But if I understood the original commenter's use case, they're just searching YT Music to get the URL to a given song. This appears[0] to work fine without being logged in. So you could parameterize or wrap the call to yt-dlp and only have your cookie jar usable there.
Oh, that's true, even allows you to play without an account. I can swear that at some point it flat out refused any use unless you're logged in with an account that has YT Music (I remember having to go to regular YouTube to get the same song to send it to someone who didn't have it).
As long as it’s gated and not turned on by default, it’s all good. They could also add a warning/sanity check similar to “allow pasting” in the console.

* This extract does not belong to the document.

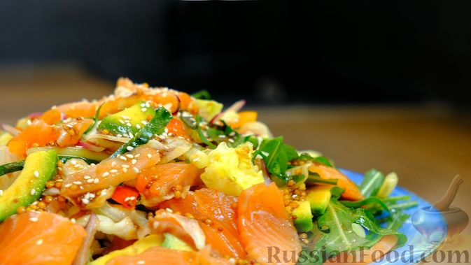 Тонко нарежьте небольшую луковицу и замаринуйте ее в лимонном соке, подсолите немного. Оставьте на минут 5-7. Свежий огурец и болгарский перец, 200 г красной соленой рыбы нарежьте тонкой соломкой, авокадо – ломтиками. 200 г салата айсберг порвите на мелкие кусочки. Сделайте соус – смешайте 3 ст. л. растительного масла, 2 ч. л. горчицы и 4 ст. л. соевого соуса. В тарелку выложите салатные листья, лук, затем немного соуса, потом рыбу и авокадо, снова салатные листья и лук, рыбу и авокадо. Полейте соусом и посыпьте кунжутом.

For now you are. All these things fall with time, of course. You will stop caring once you start feeling safe, we all do.
Also. AAarrgh, my new thing to be annoyed at is AI drivel written slop.
"No browser automation framework, no separate browser instance, no re-login."
Oh really, nice. No separate computer either? No separate power station, no house, no star wars? No something else we didn't ask for? Just one a toggle and you go? Whoaaaaaa.
Edit: lol even the skill itself is vibe coded:
Lightweight Chrome DevTools Protocol CLI. Connects directly via WebSocket — no Puppeteer, works with 100+ tabs, instant connection.
I feel like there's nothing fucking left on the internet anymore that is not some mean of whatever the LLM is trained to talk like now.
What can you do? I mentioned the use of AI on another thread, asking essentially the same question. The comment was flagged, presumably as off topic. Fair enough, I guess. But about 80% (maybe more) of posted blogs etc that I see on HN now have very obvious signs of AI. Comments do too. I hate it. If I want to see what Claude thinks I can ask it.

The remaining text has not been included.